Writers often wish Alexander Graham Bell had never gone into his lab to invent the telephone. And most of us think cell phones should be totally wiped out, as should people who start conversations before 10 a.m. Writers know that solitude is not the same as loneliness.
Hal and Charlie solved this problem by going to McDonald’s to write in a booth there away from families and kids. No phones. No drop-in visitors. It was a booth for two. Two hours a day they’d sit there and write, day in, day out. McDonald’s responded by putting up a plaque over their booth, with an engraved bio and their picture. They’ve now switched fast food restaurants.
“Hardee’s gave us a better deal,” they joked.
The truth is, I think, that they got too famous at McDonald’s, and tour buses discovered them.
I’ve thought about tis, and it occurs to me that I’ve unconsciously emulated my idols in creating my own little “Walden,” a place to hide away.
For years, I’ve hung out at the Madeira branch of the Public Library of Cincinnati and Hamilton County, a couple of blocks from my house. There’s a special carrel I gravitate to, always the same one. I pull myself in and wrap its privacy around me. I read there. I dream. I scribble notes and string words together. No phones.

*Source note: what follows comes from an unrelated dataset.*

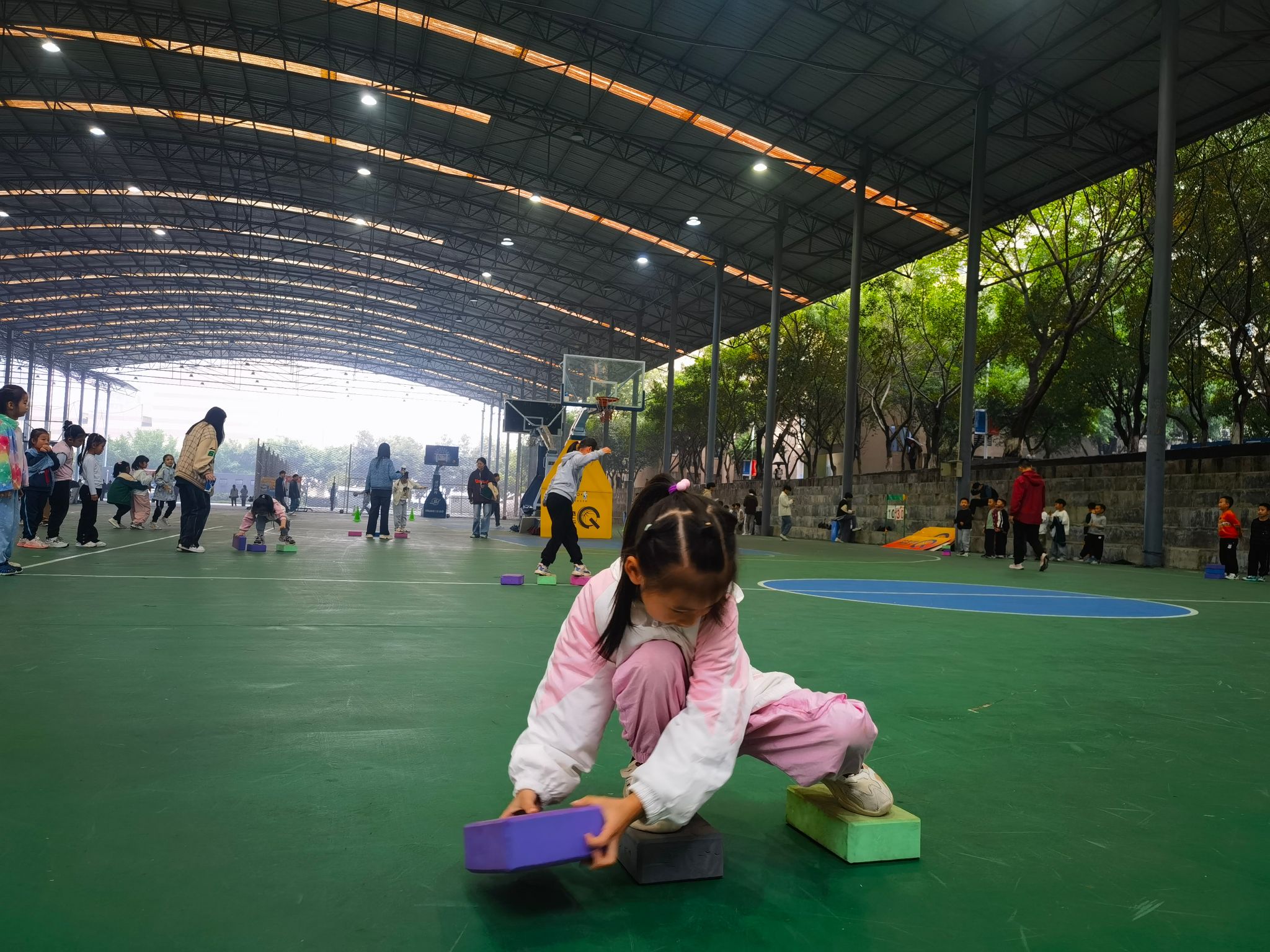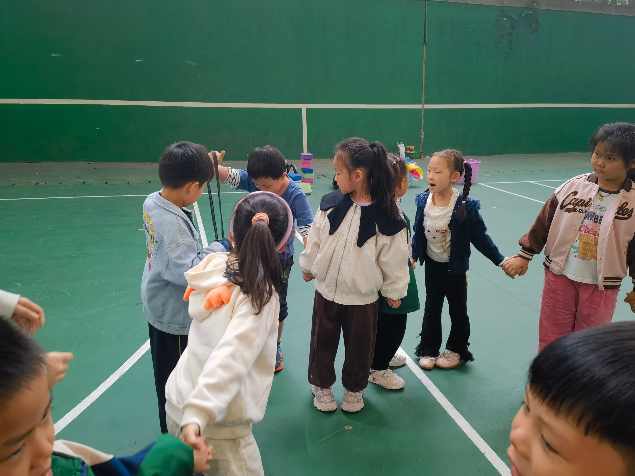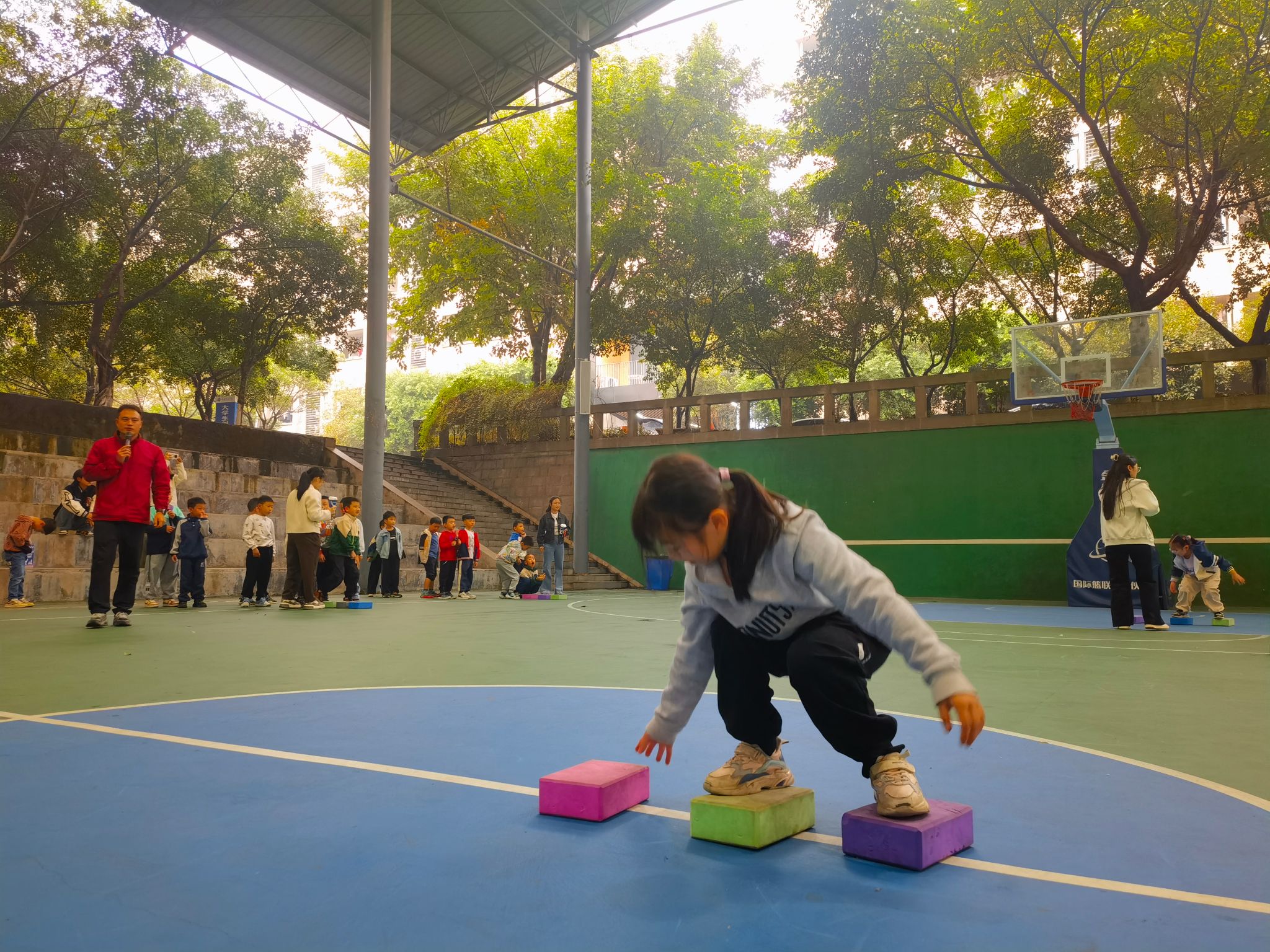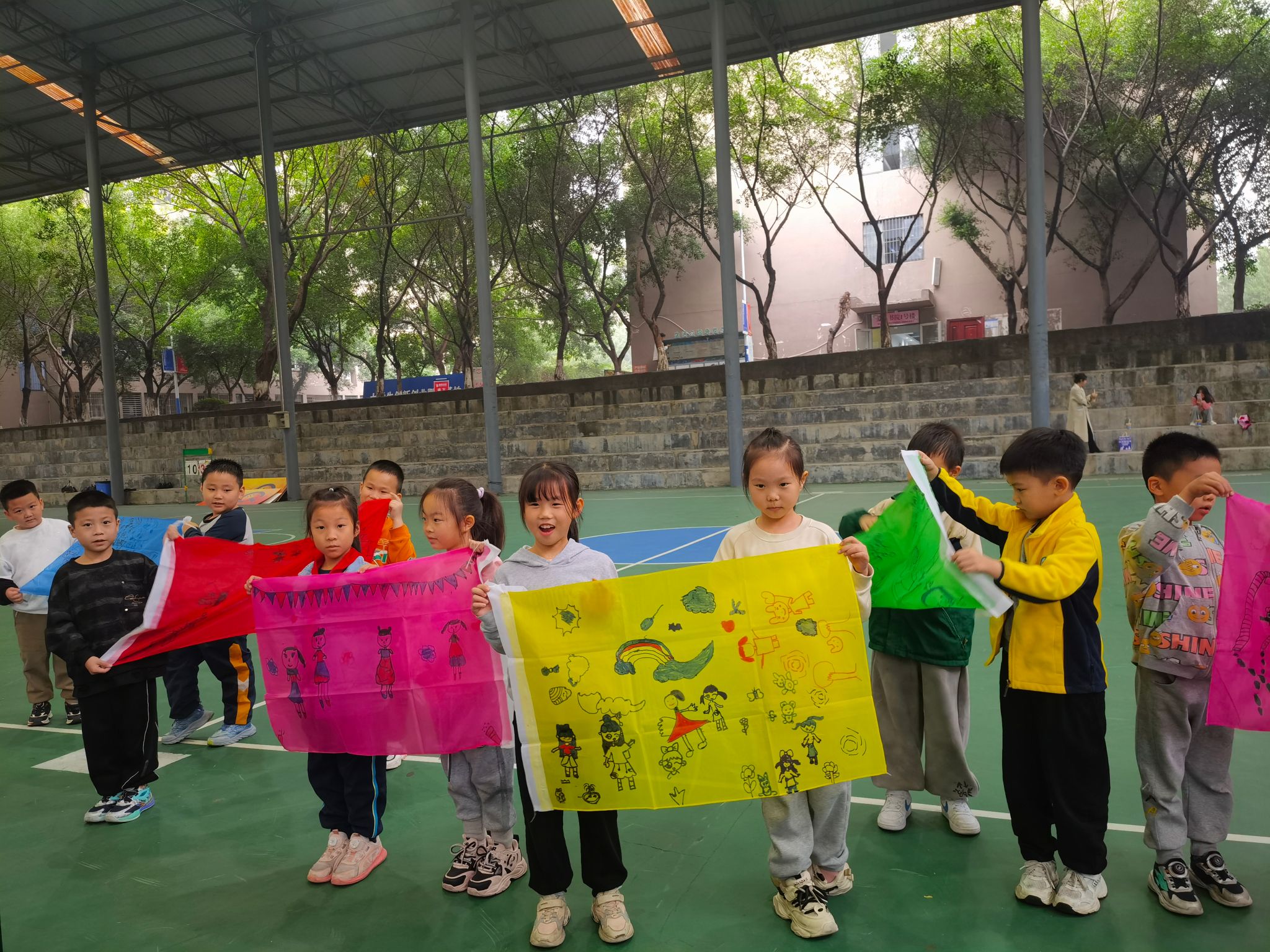 在重庆移通学院和新华小学老师们的带领下,小朋友们在9点30分参观到了风雨球场,并开始了一系列充满乐趣与挑战的活动。

It’s like being at Walden Pond. Or McDonald’s.
I sit there, thinking of Hal and Charlie. I gaze around my carrel. If I only had a bronze plaque. I’d feel just like them. Maybe I’d be just like them. A bronze plaque. A simple one. Just my name and a brief bio. Maybe a picture. And maybe it could say: “Write at work.” I can see it gleaming there, in all its bronzeness, on the wall of my carrel.
Surely the library would do that for me. Don’t you think? It’s such a little thing. Maybe I’ll speak to Janie Pyle, the director, about it.
So I’ll see you, “HalenCharlie.” Soon. Or in the lazy days of next June for sure. Meanwhile, you’ll find me in my library carrel, the one with the imaginary bronze plaque.